Abstract

We outline a general perturbative method of evaluating scattering features of finite-range complex potentials and use it to examine complex perturbations of a rectangular barrier potential. In optics, these correspond to modulated refractive index profiles of the form $n(x)=n_0+f(x)$, where $n_0$ is real, $f(x)$ is complex-valued, and $|f(x)|\ll1\leq n_0$. We give a comprehensive description of the phenomenon of unidirectional invisibility for such media, proving five general theorems on its realization in ${\cal PT}$-symmetric and non-${\cal PT}$-symmetric material. In particular, we establish the impossibility of unidirectional invisibility for ${\cal PT}$-symmetric samples whose refractive index has a constant real part and show how a simple scaling transformation of a unidirectionally invisible ${\cal PT}$-symmetric index profile with $n_0=1$ may be used to generate a hierarchy of unidirectionally invisible ${\cal PT}$-symmetric index profiles with $n_0>1$. The results pertaining unidirectional invisibility for $n_0>1$ open up the way for the experimental studies of this phenomenon in a variety of active material.
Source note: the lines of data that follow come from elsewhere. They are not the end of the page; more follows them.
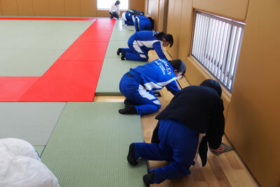 ↑寒い廊下を黙々と雑巾がけしています。
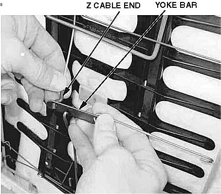 6. Disconnect the Z-shaped, cable-end fitting from the yoke bar.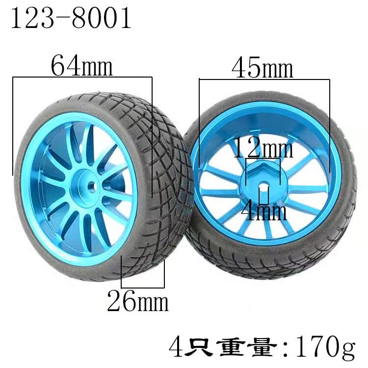 Rc Car Aluminium Alloy Wheels and rubber tires. WHEELS ARE SUPER DURABLE, NOT LIKE THE PLASTIC ONE, IT IS FULL METAL! Will fit 1/10 onroad rc cars. Specifications: Material:Aluminum alloy Offset: 3mm Heel Size:5.2 x 2.6cm/ 2.05 x 1.02inch (Dia x W) Hex adapters:12mm Rubber Tires Wheels and tires are not glued together Package include: 4 x metal Wheels 4 x Rubber Tires Condition: New NOTICE: The wheels and tires are not glued together and must be glued before use. Please carefully check the tire size before purchase, whether it is the same as your model tire size, and confirm it again before payment, so as not to return the refund, thank you, wish you a happy shopping.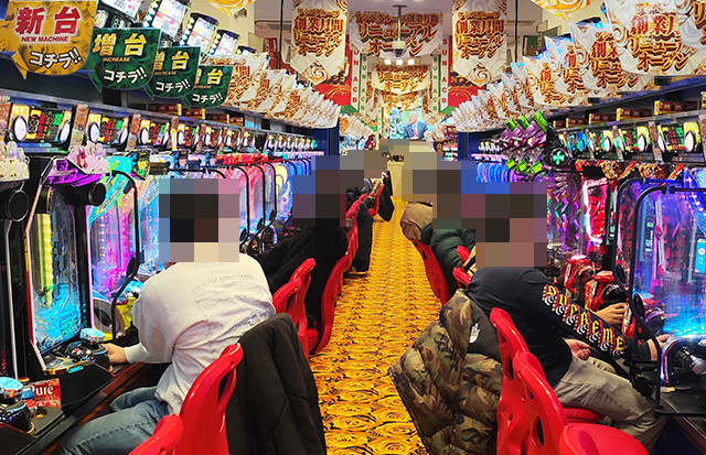 リニューアルオープンを迎えたこの日は、パチンコとパチスロのレイアウトを大幅に変更。人気機種や最新機種も導入されており、注目を集めていた。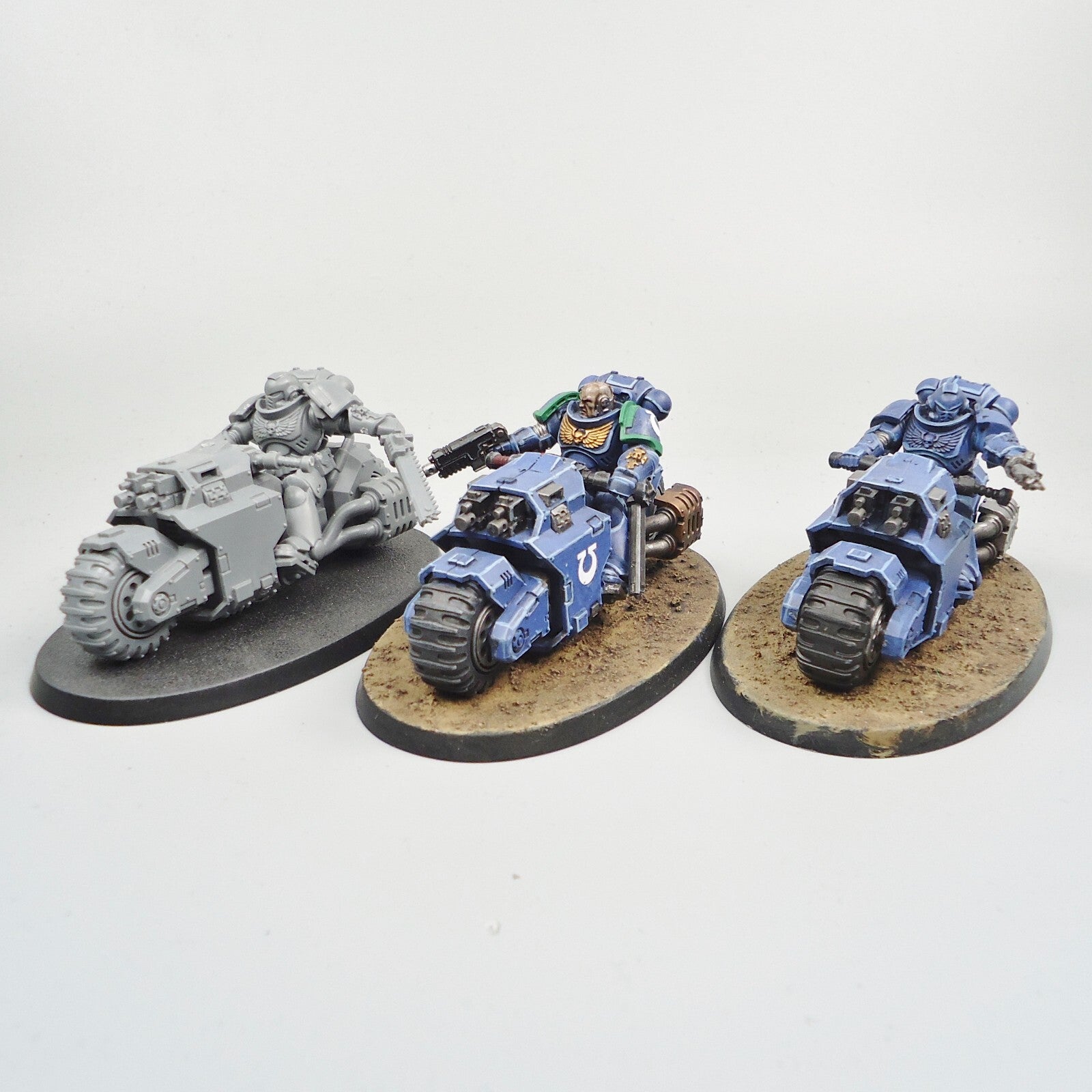 Space Marines Ultramarines Outriders x3 Partly Painted - Warhammer 40k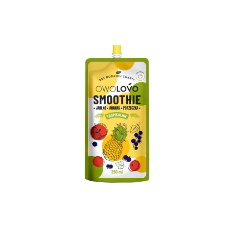 Owolovo gyümölcspüré alma-ananász-feketeribizli smoothie 200 g Fedezz fel egy szokatlan ízkombinációt a trópusi gyümölcsökkel!Az almalé, az édes ananász és a savanykás fekete ribizli tökéletes, lágy ízharmóniát alkotnak! Pasztőrizált termék. Hozzáadot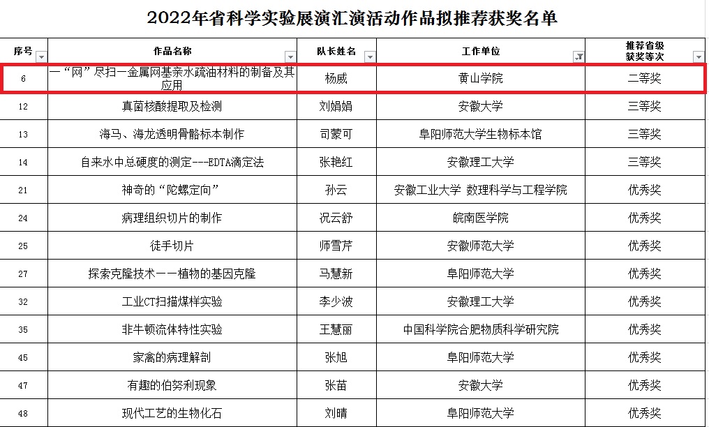 近日,由省科技厅开展的2022年安徽省科普讲解大赛和科学实验展演汇演活动落下帷幕,我校化学化工学院杨威、沈彩云、尹紫寒同学的作品《一“网”尽扫—金属网基亲水疏油材料的制备及其应用》荣获科学实验展演汇演二等奖。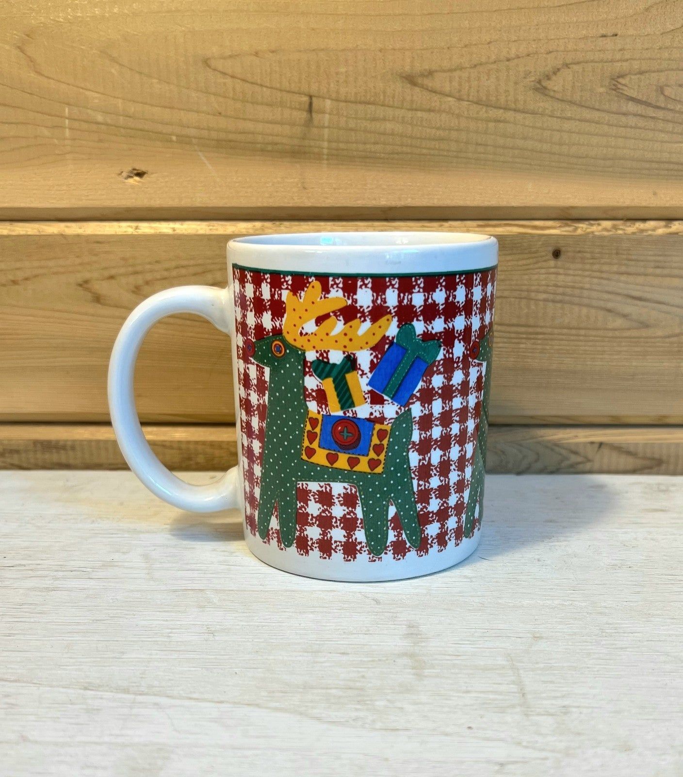 Christmas Checkered Reindeer Vintage 8 oz Coffee Mug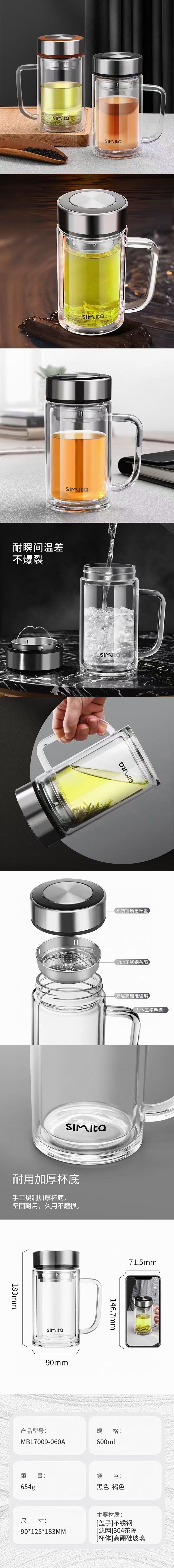 施密特 男士双层办公水杯 MBL7009-060A 黑色 600mL 1个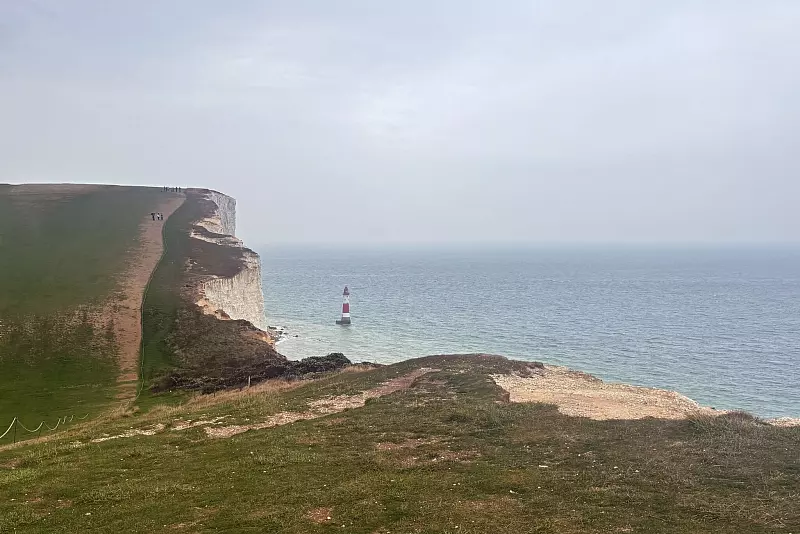 Und dann sind da doch noch ein paar herangekarrte Touristen. Denn hinter der siebten Schwester befindet sich am Birling Gap ein Parkplatz, samt Café und Shop. Letztere sind sogar ganz nett. Von hier aus ist es nur noch ein kurzer Weg zum Beachy Head. Dieser Felsen gehört nicht zu den sieben Schwestern, die wie die Orgelpfeifen aufgereiht hintereinanderstehen - aber er ist mit 162 Metern der höchste Kreidefelsen Großbritanniens, und einen klassisch rot-weißen Leuchtturm gibt es auch.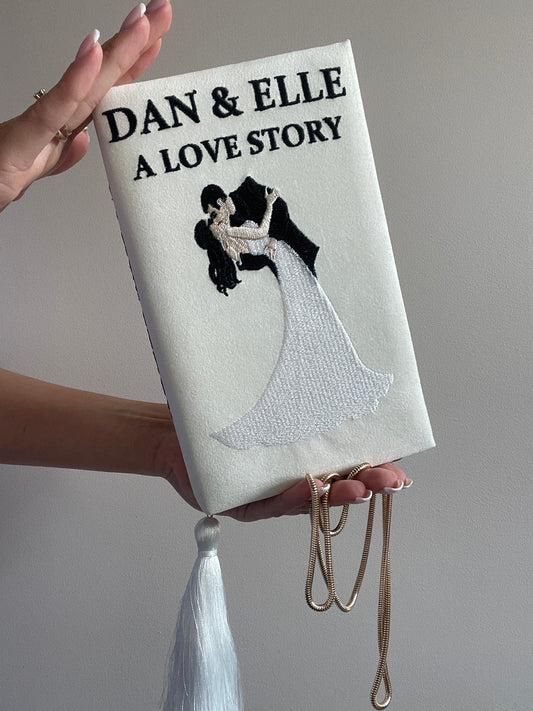 Ivory white wedding clutch book with personalized design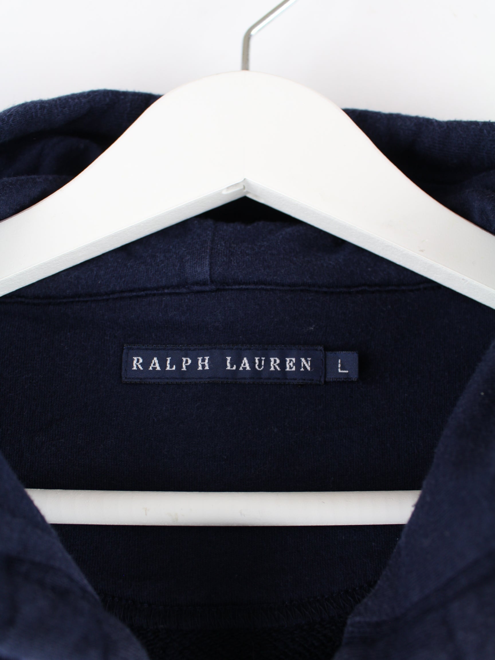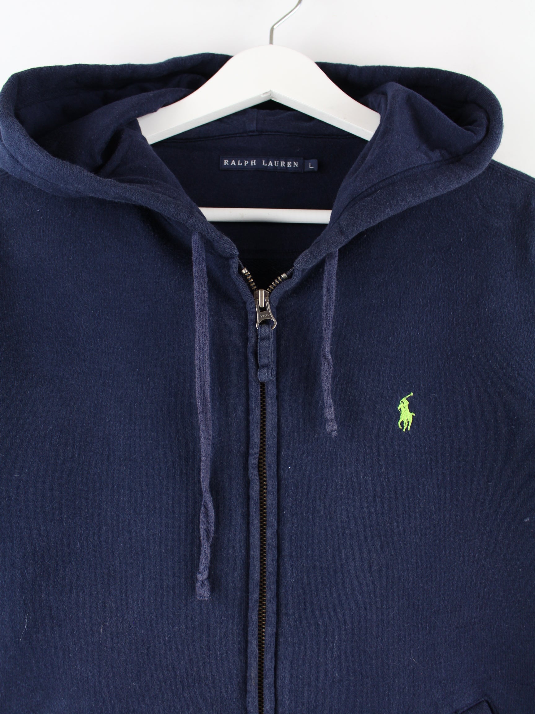 Hoodie from the label Ralph Lauren with zip in size M. It is made of a cotton blend and comes in blue.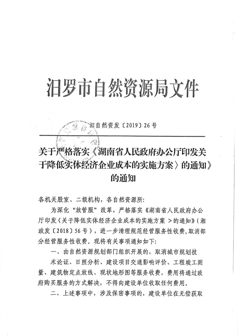 关于严格落实《湖南省人民政府办公厅印发关于降低实体经济企业成本的实施方案的通知》的通知(汨自然资发〔2019〕26号)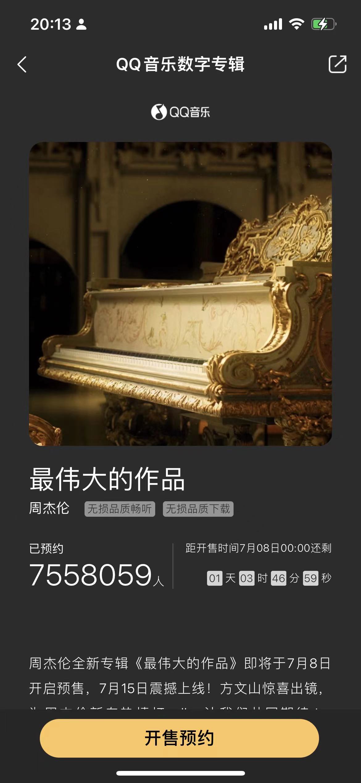 據(jù)QQ音樂顯示,周杰倫第15張專輯《最偉大的作品》先行曲MV將于7月6日中午12時(shí)首播上線。《最偉大的作品》數(shù)字專輯預(yù)約現(xiàn)已開啟,截至7月6日20時(shí),預(yù)約人數(shù)超755萬(wàn)人次,將于7月8日開啟預(yù)售,7月15日上線。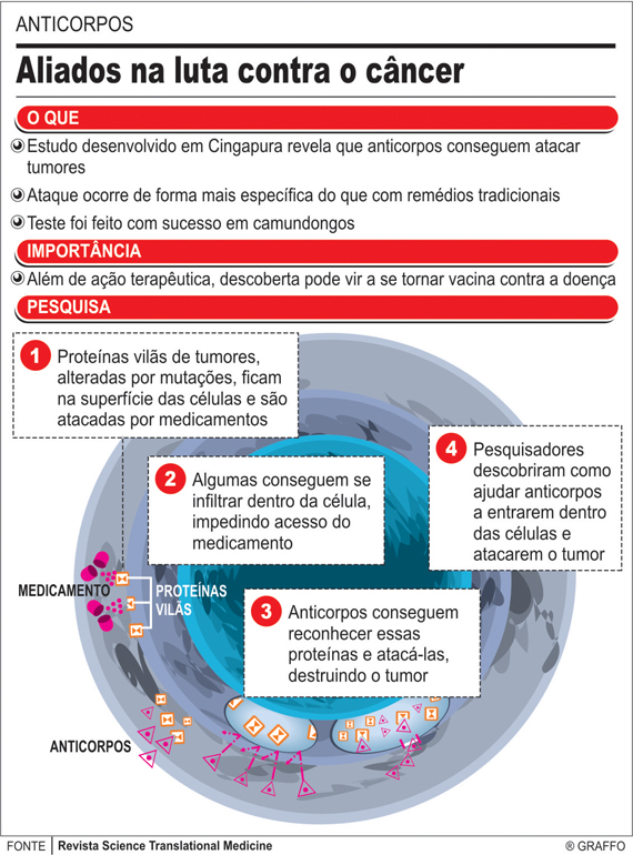 Cientistas do Instituto de Biologia Molecular e Celular da Agência de Ciência, Tecnologia e Pesquisa de Cingapura descobriram nos anticorpos verdadeiros aliados na luta contra o câncer. Conforme publicado na revista "Science Translational Medicine", o experimento já foi testado em camundongos e obteve sucesso.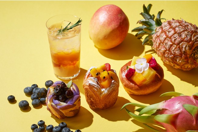 太陽をたっぷり浴びたフルーツがいっぱいの楽園をイメージし、パイナップル、マンゴー、ドラゴンフルーツなどのトロピカルフルーツを用いたブレッドやドリンクをご用意しました。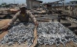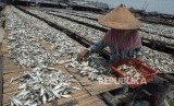 REPUBLIKA.CO.ID, JAKARTA -- Pekerja menjemur ikan asin di kawasan Muara Angke, Penjaringan, Jakarta Utara, Ahad (19/11).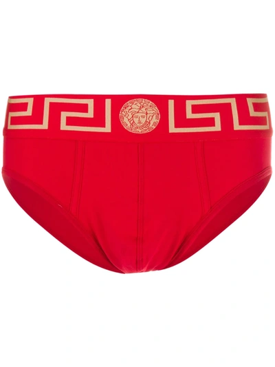 Match your branded clothing to your underwear with these red stretch cotton and gold-tone Medusa Greek Key briefs from Versace. Featuring an elasticated waistband and a Medusa detail. Underwear and lingerie must be tried on over your own garments.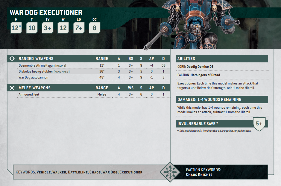 Let us pour one out for the work horse of every competitive Chaos Knight and even many Imperial Knight armies. The War Dog Executioner.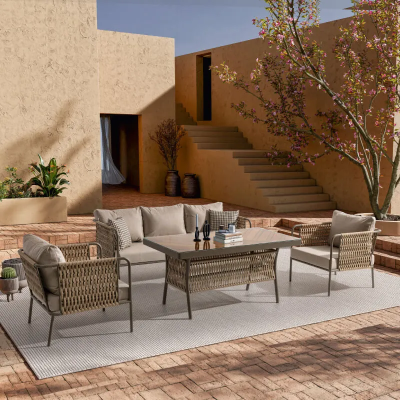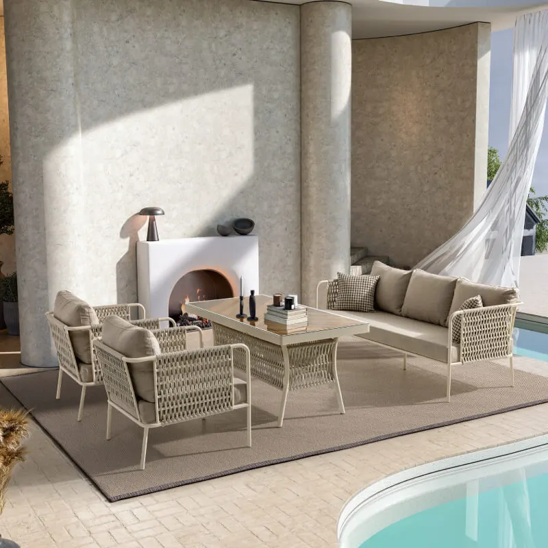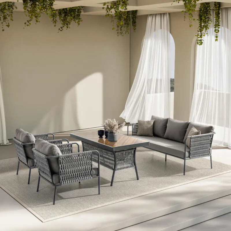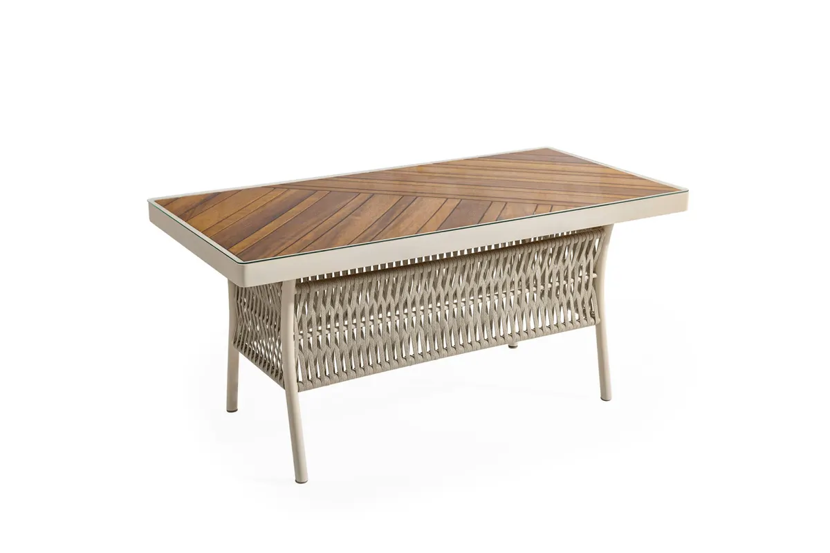 Uzun ömürlü alüminyum gövde, birinci sınıf İreko ağacı ve UV stabilizatörlü ip örgü ile hem şıklık hem dayanıklılık sunar.

As an application of our general results, we show that a medium with $n(x)=n_0+\zeta e^{iK x}$, $\zeta$ and $K$ real, and $|\zeta|\ll 1$ can support unidirectional invisibility only for $n_0=1$. We then construct unidirectionally invisible index profiles of the form $n(x)=n_0+\sum_\ell z_\ell e^{iK_\ell x}$, with $z_\ell$ complex, $K_\ell$ real, $|z_\ell|\ll 1$, and $n_0>1$.